Он нацепил очки, заглянул в бумагу, забормотал про
себя:
— «Множественные ранения… перелом позвоночника»… А,
вот: «снятие этого фиксирующего устройства может привести к рецидиву… к
последствиям необратимым». Так мы можем устроить вам эти последствия.
«Ну и Виктор Сергеевич, — подумал Кожевин,
— мне и здесь помогает, не побоялся. Ведь сам же говорил, что все у меня в
порядке».
После трех допросов следователю, видно, надоело
возиться, и он заявил:
— Зря упираетесь. Нам все известно. Вы клеветали на
советское искусство, называли наших поэтов, композиторов лизоблюдами,
дурами.
И Кожевин вспомнил. Как-то
после его импровизированного концерта заглянул в его палату немолодой однорукий
майор из соседней палаты:
— И чего это ты, лейтенант, все песни какие-то не наши
поешь? Тебе мало наших советских песен?
— А, — отмахнулся Кожевин, —
надоело. И фронтовые есть песни ничего. А я люблю другие. Да и те песни многие лизоблюды писали. Трубадуры придворные.
Ничего не ответил тогда майор, ушел, недобро взглянув
на Кожевина. А сосед Старов
сказал:
— Ты бы, Витя, поосторожнее.
Этот, видать, из особистов.
«Настучал все же, гад, ну,
это пустяки», — подумал Кожевин и сказал вслух:
— Было такое, гражданин капитан, только не называл я
их дурами. Я говорил — трубадуры.
Услышав непонятное слово, следователь попросил
повторить, записал. На том и кончились допросы. Через день прочитал
обвинительное заключение. В нем говорилось, что лейтенант Кожевин
В.С. обвиняется по ст. 58, п. 10, часть II. Что такое пятьдесят восьмая статья,
Кожевин знал, а вот дальше… Следователь любезно
разъяснил, что пункт десять означает антисоветскую агитацию, вторая часть
означает, что агитация велась в военное время.
— Почему в военное? Ведь кончилась война, — удивился Кожевин.
— А вы и в войну занимались этой деятельностью, —
оборвал следователь.
— В войну я воевал.
Но тот не обратил внимания на этот возглас.

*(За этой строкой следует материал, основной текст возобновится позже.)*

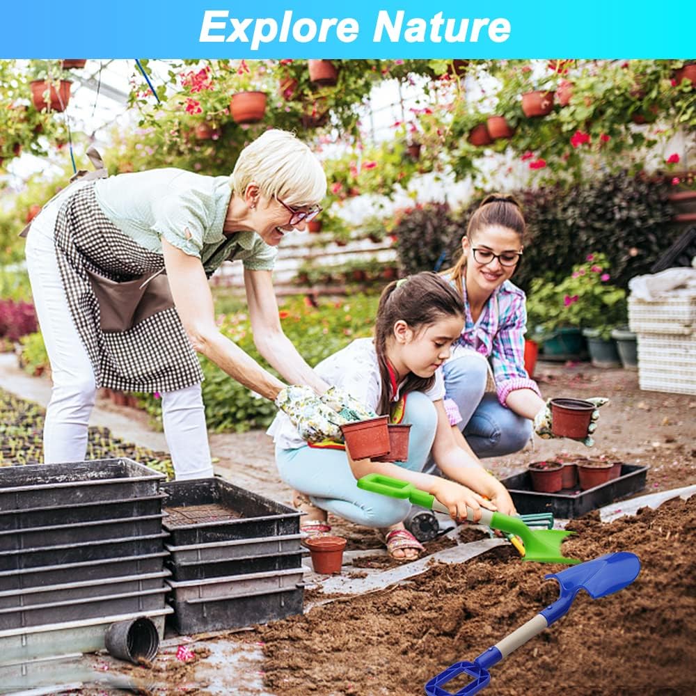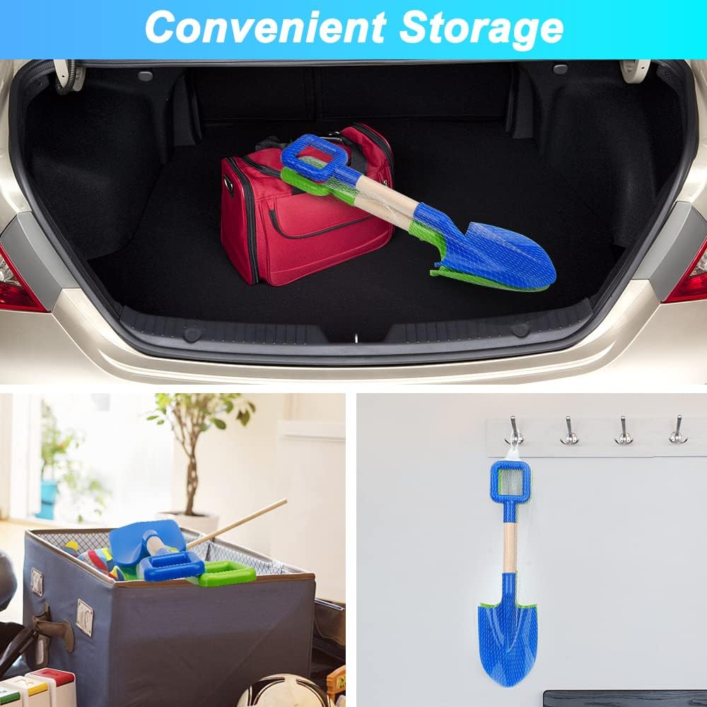 Strumenti di alta qualità: robusto manico in legno, plastica dura ABS rende la pala più resistente. La lunghezza di 40 cm è perfetta per i più piccoli. Il manico sottile è perfetto per le mani dei più piccoli. Divertente borsa da spiaggia: adatta per l'estate e l'inverno. Con questa grande vanga potrete divertirvi anche a spalare la sabbia. Può promuovere il desiderio dei bambini di giocare e scoprire, semplicemente di divertirsi tra genitori e figli. Giocattolo fantastico: il set completo viene fornito con 2 pale (blu/verde) e una borsa a rete. Quando i bambini ricevono la pala da spiaggia, non vedono l'ora di togliere di mano i loro telefoni e tablet e invitare i loro amici a giocare insieme. Multifunzione: set di attrezzi da giardino, manico in legno leggero e bella pala in plastica. Comodo per sabbiere, giochi da spiaggia, trapianti di piante, ecc. Ideale per la spiaggia, sabbiere, giardino e molto altro Ottimo regalo: le pale da spiaggia sono regali e ottimi strumenti per sviluppare abilità, vista, cervello, presa, comunicazione genitore-figlio, giocattoli interattivi, ecc. L'estate è qui, vieni a portare questi elementi essenziali per la spiaggia estiva per goderti le vacanze

Далее в
обвинении говорилось, что Кожевин клеветал на
советское искусство, пел антисоветские песни упадочнического содержания, чем
подрывал моральный дух солдат и офицеров.
Слова «моральный дух» особенно удивили Кожевина. Он подумал о том «духе», который больше года
вдыхал в госпитале: запах крови, гниющих ран, немытых тел, дым махорки, которую
нещадно смолили в палатах, несмотря на запрет…
Заседание трибунала длилось минут двадцать. Приговор —
восемь лет лишения свободы и три года поражения в правах. «Пожалуй, многовато»,
— подумалось подсудимому.
И вот он здесь, в этом лагере, и почитается инвалидом.
Медицинское заключение Виктора Сергеевича для него как охранная грамота. Только
надолго ли?
С некоторых пор начальник санчасти в каждом здешнем
зэке видит симулянта.
Все началось с того, как оконфузился он на потеху
заключенных и своих сослуживцев.
Несколько дней назад в лагере проходила «комиссовка». Тех зэков, которым оставалось жить считанные
дни или недели, «комиссовали», то есть выпускали на волю умирать — там.
(Конечно, это не относилось к политическим, даже умирающих выпускать их было
опасно.) И вот высокая комиссия по представлению местной медчасти
«списала» несколько больных в последней стадии туберкулеза, двух или трех
паралитиков. Был комиссован и отпущен на волю парень из уголовников по кличке
Ю-ю. Звали его так потому, что на все вопросы отвечал только: «Ю-ю». При этом
смеялся идиотским смехом.
Когда же Ю-ю за обедом стал выплескивать на пол
содержимое своей миски, и зэки, и начальство уверились, что он безумен. Ибо какой же нормальный заключенный откажется от своей
порции баланды! Комиссия подтвердила выводы лагерных эскулапов, и Ю-ю, получив
нужные справки и деньги на билет до места жительства, был выведен из лагеря.
Отойдя несколько шагов от вахты, он оглянулся и звонко
крикнул:
— До свиданья, гражданин начальничек! — И показал
язык.
Зэки из штабных придурков
рассказывали, как костерил начальник лагеря начальника спецчасти,
как грозно вопрошал:
— Что же ты не задержал гада?
На что тот резонно отвечал:
— А как задержишь? У него все документы на руках. Не
мы же решали — комиссия из области. Им сверху виднее. А докладывать им, товарищ
майор, не надо. Мало ли что. Может, у него шок какой-нибудь произошел, как на
волю вышел, и ему полегчало. То не наше дело.
Докладывать наверх не стали, но начсанчасти,
как говорили зэки, совсем озверел. На медосмотрах даже заставлял у одноногих отстегивать протезы: видно, проверял, не выросла
ли новая нога.
Вот почему надо было спешить.
Вечером, в час перед отбоем, он осуществил свой план.
«Его» часовой был на месте.
Кожевин прополз по запретке до колючки, приподнял звякнувшую проволоку, снова
звякнуло. Посмотрел на солдата — тот дремал, как обычно. Кожевин
добрался до густой травы за запреткой и совсем так,
как, бывало, в разведке, пополз, стараясь как можно меньше мять траву. А душа
ликовала. «Сработал, сработал условный рефлекс!»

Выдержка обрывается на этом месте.